Every line below is to be set down again exactly; any image stays out.

**Data extract:**
· · · · · · ·

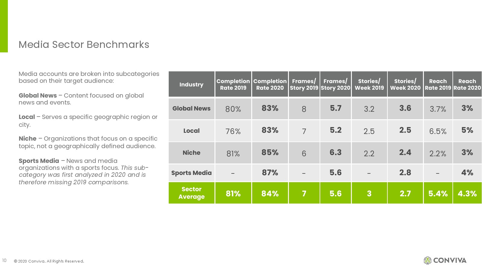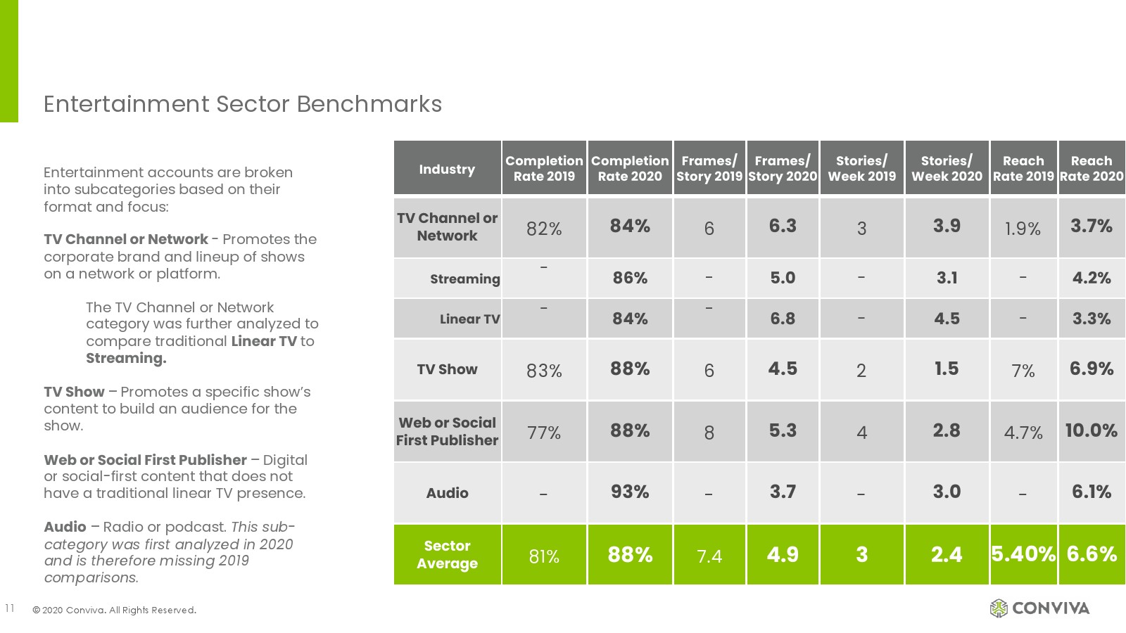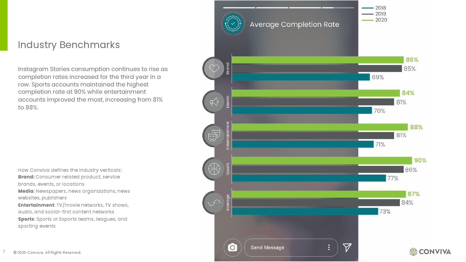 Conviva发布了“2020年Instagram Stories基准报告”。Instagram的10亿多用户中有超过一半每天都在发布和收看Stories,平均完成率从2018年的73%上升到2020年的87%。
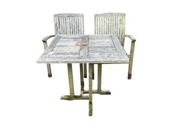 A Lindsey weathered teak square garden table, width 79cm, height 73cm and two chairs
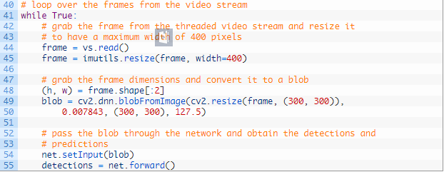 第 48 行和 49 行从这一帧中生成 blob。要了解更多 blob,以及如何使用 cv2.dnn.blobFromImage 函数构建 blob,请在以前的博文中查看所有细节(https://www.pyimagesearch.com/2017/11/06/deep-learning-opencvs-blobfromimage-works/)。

· · · · · · ·

**Exercise output:**
 Conviva发布了“2020年Instagram Stories基准报告”。Instagram的10亿多用户中有超过一半每天都在发布和收看Stories,平均完成率从2018年的73%上升到2020年的87%。
 A Lindsey weathered teak square garden table, width 79cm, height 73cm and two chairs
 第 48 行和 49 行从这一帧中生成 blob。要了解更多 blob,以及如何使用 cv2.dnn.blobFromImage 函数构建 blob,请在以前的博文中查看所有细节(https://www.pyimagesearch.com/2017/11/06/deep-learning-opencvs-blobfromimage-works/)。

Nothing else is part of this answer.